Suppose we have the following situation:
Person A chooses a four-digit natural number. Person B chooses a natural number and adds the square of it to the number chosen by A. Person C chooses a natural number and multiplies the square of it to the number chosen by person A. Then the results of B and C is multiplied and the result is 123456789. What number did A choose?
For clarity: Let the number chosen by A be a, the number chosen by B be b, and the number chosen by C be c. We then have:
$$(b^2 + a)(c^2\cdot a)= 123456789.$$
How would you solve this problem without a calculator?
The answer is: $a=3607, b=14, c=3$.
Obviously $123456789$ is divisible by $9$: $123456789/9=13717421=:n$.

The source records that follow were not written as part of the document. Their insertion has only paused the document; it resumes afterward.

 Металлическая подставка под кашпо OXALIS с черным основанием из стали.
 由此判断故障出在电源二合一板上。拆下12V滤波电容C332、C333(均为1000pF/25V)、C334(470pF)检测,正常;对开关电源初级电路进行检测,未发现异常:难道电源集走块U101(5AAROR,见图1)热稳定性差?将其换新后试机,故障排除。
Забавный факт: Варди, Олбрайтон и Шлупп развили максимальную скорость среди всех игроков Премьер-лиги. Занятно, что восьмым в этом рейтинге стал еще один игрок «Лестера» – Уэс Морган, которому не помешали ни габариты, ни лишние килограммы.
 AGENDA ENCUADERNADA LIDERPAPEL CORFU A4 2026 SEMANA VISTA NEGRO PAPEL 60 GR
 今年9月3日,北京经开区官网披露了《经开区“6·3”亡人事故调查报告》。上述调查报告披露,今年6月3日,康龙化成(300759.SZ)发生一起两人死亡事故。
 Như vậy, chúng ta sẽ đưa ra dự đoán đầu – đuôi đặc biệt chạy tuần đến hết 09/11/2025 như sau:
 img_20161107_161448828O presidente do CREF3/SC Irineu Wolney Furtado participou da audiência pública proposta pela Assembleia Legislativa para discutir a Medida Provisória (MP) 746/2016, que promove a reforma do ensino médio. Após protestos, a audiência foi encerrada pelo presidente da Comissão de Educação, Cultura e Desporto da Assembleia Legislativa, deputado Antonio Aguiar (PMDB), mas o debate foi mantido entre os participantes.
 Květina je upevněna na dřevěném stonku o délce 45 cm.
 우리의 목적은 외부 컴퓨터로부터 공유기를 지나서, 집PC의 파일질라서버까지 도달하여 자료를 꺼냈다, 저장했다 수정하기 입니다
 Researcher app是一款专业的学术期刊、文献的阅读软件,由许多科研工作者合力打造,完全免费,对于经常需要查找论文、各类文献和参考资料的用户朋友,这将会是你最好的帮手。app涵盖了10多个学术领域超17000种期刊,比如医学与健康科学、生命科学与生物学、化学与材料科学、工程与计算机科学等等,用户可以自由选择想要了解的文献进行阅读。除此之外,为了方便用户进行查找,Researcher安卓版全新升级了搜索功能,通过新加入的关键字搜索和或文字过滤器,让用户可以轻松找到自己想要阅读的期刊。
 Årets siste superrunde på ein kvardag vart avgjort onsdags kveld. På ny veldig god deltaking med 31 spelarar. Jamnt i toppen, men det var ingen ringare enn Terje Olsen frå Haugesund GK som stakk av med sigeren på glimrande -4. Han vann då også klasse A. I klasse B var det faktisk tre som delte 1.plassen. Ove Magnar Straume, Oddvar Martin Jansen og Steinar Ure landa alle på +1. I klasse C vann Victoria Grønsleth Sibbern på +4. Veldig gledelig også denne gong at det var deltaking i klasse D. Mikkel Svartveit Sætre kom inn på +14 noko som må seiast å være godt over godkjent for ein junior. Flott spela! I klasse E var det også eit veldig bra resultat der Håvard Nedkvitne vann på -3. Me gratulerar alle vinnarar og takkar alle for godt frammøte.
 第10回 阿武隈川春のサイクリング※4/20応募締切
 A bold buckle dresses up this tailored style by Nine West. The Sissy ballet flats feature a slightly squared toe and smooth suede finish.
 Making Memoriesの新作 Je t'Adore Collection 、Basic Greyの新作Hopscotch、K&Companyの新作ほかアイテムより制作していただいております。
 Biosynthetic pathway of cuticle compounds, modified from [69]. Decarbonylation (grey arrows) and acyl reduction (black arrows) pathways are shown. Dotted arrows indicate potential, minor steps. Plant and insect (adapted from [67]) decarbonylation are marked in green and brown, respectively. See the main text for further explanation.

Let assume that $n$ is square free. In this case $c=3$ and $n=a(a+b^2)$. Let $u$ and $v$ be two complementary divisors of $n$: $u\cdot v =n$. Then: $$ (u+v)^2-(u-v)^2=4n \Rightarrow (u+v)^2=4n+(u-v)^2. $$ It follows from our assumption that $u-v=b^2$ is an even perfect square. Adding to $4n$ the squares of even perfect squares one finally is lucky with $u-v=196$, which results in a perfect square. The resulting values $u=3803$ and $v=3607$ are primes, so that the above assumption was correct.
From the prime factor decomposition $123456789=3^2\cdot3607\cdot 3803$ the answer follows.